··· DATASET EXCERPT ···

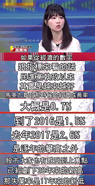 來(lái)看看這位民進(jìn)黨議員是如何為“鐵票倉(cāng)跳票”作解釋的吧:民進(jìn)黨曾批判馬英九是“數(shù)字治臺(tái)”,而這個(gè)綠營(yíng)小姐姐一上來(lái)就先祭出“數(shù)字陣”,說(shuō)從經(jīng)濟(jì)指數(shù)上看,民進(jìn)黨與馬英九執(zhí)政時(shí)期好很多了;之后拿出“甩鍋招”,說(shuō)飯店倒閉有很多方面的原因啊,店家不要都怪到民進(jìn)黨身上,你們自己也要轉(zhuǎn)型。接著開(kāi)始“數(shù)政績(jī)”,說(shuō)陸客雖然不來(lái)了,但日本和東南亞客人有增加啊,而且像臺(tái)中市長(zhǎng)林佳龍之類(lèi)的也有積極的幫地方在招商。最后搬出“誠(chéng)懇臉”,表示雖然民進(jìn)黨做了很多“復(fù)興經(jīng)濟(jì)”的事,但若人民感受不到,那蔡當(dāng)局也會(huì)“好好檢討”……
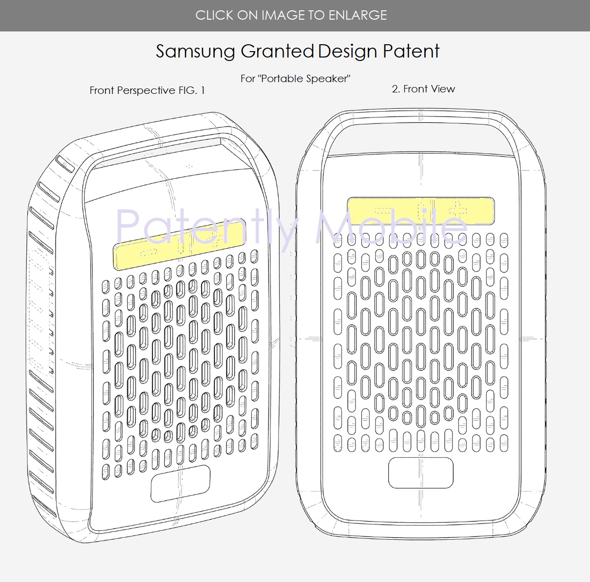 تصاویری که در ادامه آورده شده شامل طرحهای دیاگرامی از زوایای مختلف یک بلندگوی قابل حمل و یک ساعت هوشمند هستند و اطلاعات خاصی درباره مشخصات و ویژگیهای این محصولات در آنها به چشم نمیخورد.
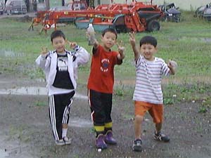 我が家の前の広場の水たまりで、毎日のように遊んでいる悪餓鬼の姿を見る。アメンボウでも採っているのだと思っていたら、なんと、オタマジャクシだと言う。夜になるとうるさい程のカエルの合唱は聞こえているが、いくらなんでも夏である。それも土用の丑の日にオタマジャクシが、それも広場の水たまりにいるんだろうか。 けれどもそれは本当であった。悪餓鬼くん達は、本当に水たまりの中から立派なオタマジャクシをすくって見せてくれたのである。ふ〜〜〜ん、夏にもオタマジャクシはいるんだ、大発見! |
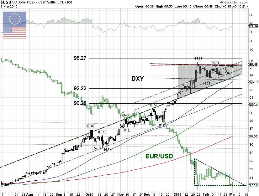 The U.S. dollar index (DXY) shrugged off weaker-than-expected U.S. economic data on Monday and rose slightly to close at 95.462. The Bureau of Economic Analysis (BEA), U.S. Commerce Department, said on Monday that personal spending fell 0.2% in January, worse than the expected decline of 0.1%. Weak consumer spending prompted analysts at Morgan Stanley to cut their first-quarter 2015 U.S. GDP growth estimate by five-tenths of a percentage point to a 2.3% annual pace, according to Reuters.

···

● **TASK ITEM**
Would you give the material back exactly, minus the pictures?

● **RESPONSE TO THIS EXERCISE**
 來(lái)看看這位民進(jìn)黨議員是如何為“鐵票倉(cāng)跳票”作解釋的吧:民進(jìn)黨曾批判馬英九是“數(shù)字治臺(tái)”,而這個(gè)綠營(yíng)小姐姐一上來(lái)就先祭出“數(shù)字陣”,說(shuō)從經(jīng)濟(jì)指數(shù)上看,民進(jìn)黨與馬英九執(zhí)政時(shí)期好很多了;之后拿出“甩鍋招”,說(shuō)飯店倒閉有很多方面的原因啊,店家不要都怪到民進(jìn)黨身上,你們自己也要轉(zhuǎn)型。接著開(kāi)始“數(shù)政績(jī)”,說(shuō)陸客雖然不來(lái)了,但日本和東南亞客人有增加啊,而且像臺(tái)中市長(zhǎng)林佳龍之類(lèi)的也有積極的幫地方在招商。最后搬出“誠(chéng)懇臉”,表示雖然民進(jìn)黨做了很多“復(fù)興經(jīng)濟(jì)”的事,但若人民感受不到,那蔡當(dāng)局也會(huì)“好好檢討”……
 تصاویری که در ادامه آورده شده شامل طرحهای دیاگرامی از زوایای مختلف یک بلندگوی قابل حمل و یک ساعت هوشمند هستند و اطلاعات خاصی درباره مشخصات و ویژگیهای این محصولات در آنها به چشم نمیخورد.
 我が家の前の広場の水たまりで、毎日のように遊んでいる悪餓鬼の姿を見る。アメンボウでも採っているのだと思っていたら、なんと、オタマジャクシだと言う。夜になるとうるさい程のカエルの合唱は聞こえているが、いくらなんでも夏である。それも土用の丑の日にオタマジャクシが、それも広場の水たまりにいるんだろうか。 けれどもそれは本当であった。悪餓鬼くん達は、本当に水たまりの中から立派なオタマジャクシをすくって見せてくれたのである。ふ〜〜〜ん、夏にもオタマジャクシはいるんだ、大発見! |
 The U.S. dollar index (DXY) shrugged off weaker-than-expected U.S. economic data on Monday and rose slightly to close at 95.462. The Bureau of Economic Analysis (BEA), U.S. Commerce Department, said on Monday that personal spending fell 0.2% in January, worse than the expected decline of 0.1%. Weak consumer spending prompted analysts at Morgan Stanley to cut their first-quarter 2015 U.S. GDP growth estimate by five-tenths of a percentage point to a 2.3% annual pace, according to Reuters.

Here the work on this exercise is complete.